Tesla Model S-hh
According to recent reports from the National Highway Traffic Safety Administration (NHTSA), Tesla Motors has been forcing its customers to sign non-disclosure agreements before agreeing warranty repairs. From what has emerged, it has become apparent that the automaker has been keeping vehicle maintenance information from authorities, specifically issues found with ball joints on the Tesla Model S. The NHTSA issued a statement to Tesla, ordering the manufacturer to remove “any language implying that consumers should not contact the agency regarding safety concerns.” Elon Musk is once again in trouble.
This isn’t a small mechanical issue however, as the balljoint is a vital component, that keeps the wheel attached to the vehicle’s suspension system. Tesla has always been a reserved company; it’s media pages come across as rather selective, with very limited information other than financial results and hand-picked external releases from media companies that worship the brand. With this latest news following scandals such as Tesla overstating their batteries’ potential power, “chronic” reliability problems and criticism for broken promises and delays, it’s not hard to see why people are starting to give Tesla the cold shoulder. Although, the long line of Model 3 customers would say otherwise. Just remember not to mention the removal of free supercharging.

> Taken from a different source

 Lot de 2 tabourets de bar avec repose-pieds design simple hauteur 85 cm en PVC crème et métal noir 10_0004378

Part of the contract states that the customer must “agree to keep confidential our provision of the Goodwill, the terms of this agreement and the incidents or claims leading or related to our provision of the Goodwill,” which doesn’t declare outright that the customer must not discuss the incident with authorities, though it is enough to intimidate them. Nevertheless, if there’s one thing I know for certain, it's that secrets can’t be kept for long in the automotive industry. Tesla has been caught red-handed, again.

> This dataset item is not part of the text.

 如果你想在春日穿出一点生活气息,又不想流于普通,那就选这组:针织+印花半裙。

Tesla has slammed these allegations, assuring that it would never ask customers to sign documents preventing them from talking to government agencies like the NHTSA, dubbing the speculation as “preposterous.” The EV manufacturer said that the point of the contract is “to ensure that Tesla doesn’t do a good deed, only to have that used against us in court for further gain,” though the ambiguous wording of the contract is certainly there for a reason.